In his essay 'The Ways of Paradox'1 Quine differentiates three different types of sentence commonly referred to with the title 'paradox'. Veridical paradoxes are sentences where we are initially surprised by an unexpected result, but are soon able to see from where the contradiction (quite rightly - hence the name) arises. An example of this sort is the barber paradox, where we are invited to consider a village where there is a barber who shaves all and only those men who do not shave themselves. We conjure up an image of a place where some of the male-population shave themselves, and thus do not need to be shaved again, but where no man has a beard, since the barber shaves all those who haven't done it themselves. The problem arises when we consider the barber - it seems likely that he would shave himself, being a barber and everything, but if he did then he would come under the category of people that the barber doesn't share (namely people that shave themselves), so he doesn't. But since he doesn't, he is one of the people that he should shave (someone who isn't going to get a shave any other way), and so he does, so he doesn't, so he does, ad infinitum. Quine suggests that, having reasoned through the example, we can see that the logic is valid, and are forced simply to deny that such a village, or at least such a barber, could exist.

The second sort of paradox, falsidical ones are those, such as fallacious proofs that 2 = 1, where we get a surprise, but are able to isolate a trick - and through examination to discover that the argument is invalid, and show just where the problem arises. For example, the mathematical examples tend to rely at some point on a division by 0 (which can have any result), and thus ultimately fail to convince anyone of their purported conclusion.

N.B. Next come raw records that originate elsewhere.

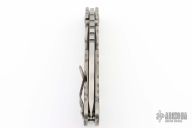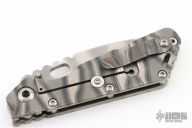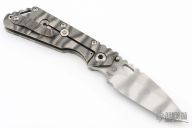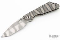 This Mick Strider Performance Series SMF framelock folder features a Ghost Stripe finished tanto blade with thumbhole and notched thumbrest. The handle has a Disruptive Strider Striped titanium frame with titanium clip, tip up carry. Jimping on blade spine. Includes Hinderer "Lock Bar Stabilizer" for maximum reverse lock retention. Nice detent, lockup and blade seating. New Condition.
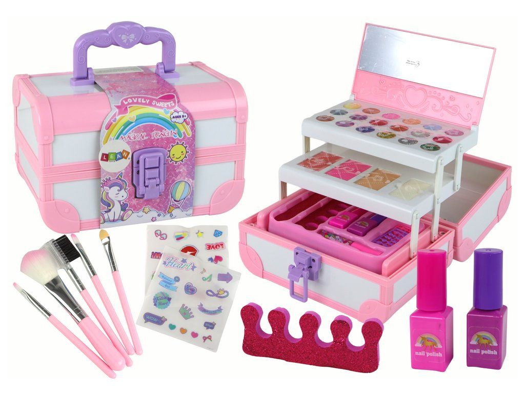 Pro naprosté pohodlí při nanášení make-upu obsahuje sada praktické pomůcky, jako jsou 3 růžové štětce na oční stíny, štětec na make-up a štětec na obočí. Sada obsahuje také nezbytnosti pro manikúru: třpytivý kosmetický separátor a pilník na nehty. 3D nálepky na nehty v pouzdře umožňují jedinečné, personalizované ozdoby.
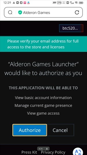 3、点击注册后,他会让你进行邮箱确认,我们点蓝色按钮"Authorize"确认就行了,点击蓝色按钮后,就可以进入游戏输入你的邮箱跟密码登录了!
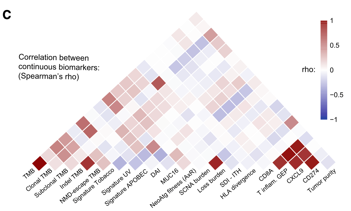 Biomarkers within each category correlated highly with eachother (e.g. TMB & clonal TMB, or immune infiltration CD8A & CXCL9).
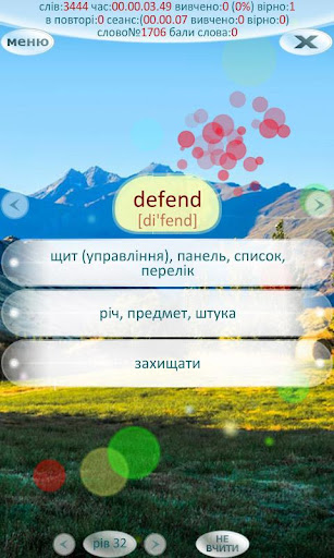 За кожну правильну відповідь ви заробляєте бал до відповідного слова, набравши 7 балів (по замовчуванню) слово вилучається із списка і вважається вивченим. Не відпускаючи одразу клавішу, можна помітити як міняється статистика по конкретному слову. При відпусканні клавіші переходимо до наступного слова.
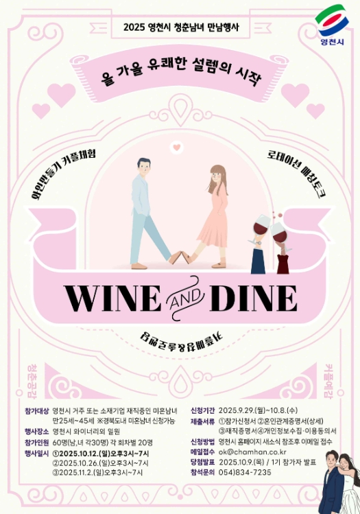 [파이낸셜경제=김지훈 기자] 영천시는 오는 10월 12일, 10월 26일, 11월 2일 세 차례에 걸쳐 관내 와이너리에서 미혼남녀를 위한 특별한 만남 프로그램 ‘2025 영천愛 와인·다인(wine·dine)’을 개최한다.
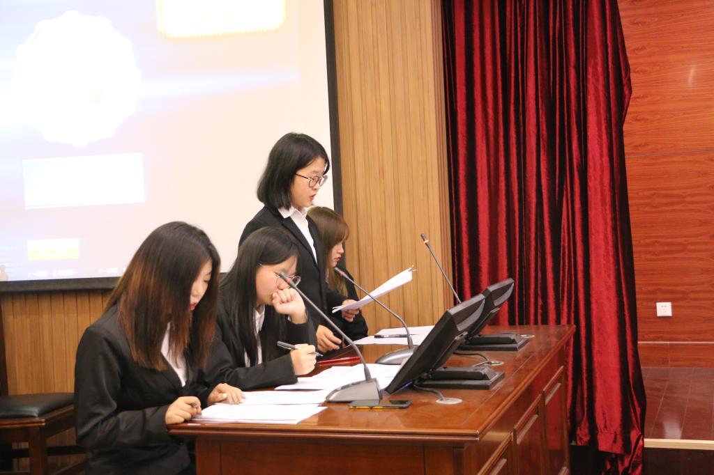 为提高同学们的语言表达能力、逻辑思维能力和辨别是非能力,11月3日下午,SUNBET申博于模拟法庭举办辩论赛决赛,在场的评委分别由文法、矿业、化工、交通、土建、艺术、外国语、经管八大公司的辩论队长担任。
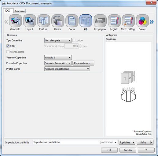 Formato carta copertina: Personalizzato (in larghezza 307 mm
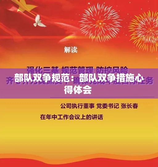 <p>为了有效实施部队双争规范,部队采取了一系列措施:</p>

The third type are antinomies - and these are the sort that produce the most active debate. Antinomies include (many variations of) the liar paradox, Grelling's paradox, and Russell's paradox. The liar paradox is perhaps the most famous paradox, and certainly the simplest, and most startling. Thought to originate from Epimenides' paradox2, the liars paradox can simply be the sentence 'This sentence is false'. If the sentence is true, then it is false, but if it is false then the sentence 'tells it how it is', and is thus true, and so false, and so on. Grelling's paradox, another particularly neat one, is that of whether 'heterological' is heterological itself. Autological is an adjective which describes words which, effectively, 'are what they themselves describe', and heterological describes just those things which are not autological - so 'The adjective 'short' is short; the adjective 'English' is English; the adjective 'adjectival' is adjectival; the adjective 'polysyllabic' is polysyllabic' - whereas 'long', 'German', 'verb' and 'monosyllabic' are heterological. But if 'heterological' were heterological, then it would describe itself, and thus be autological, and thus not describe itself and so be heterological, and so would describe itself.......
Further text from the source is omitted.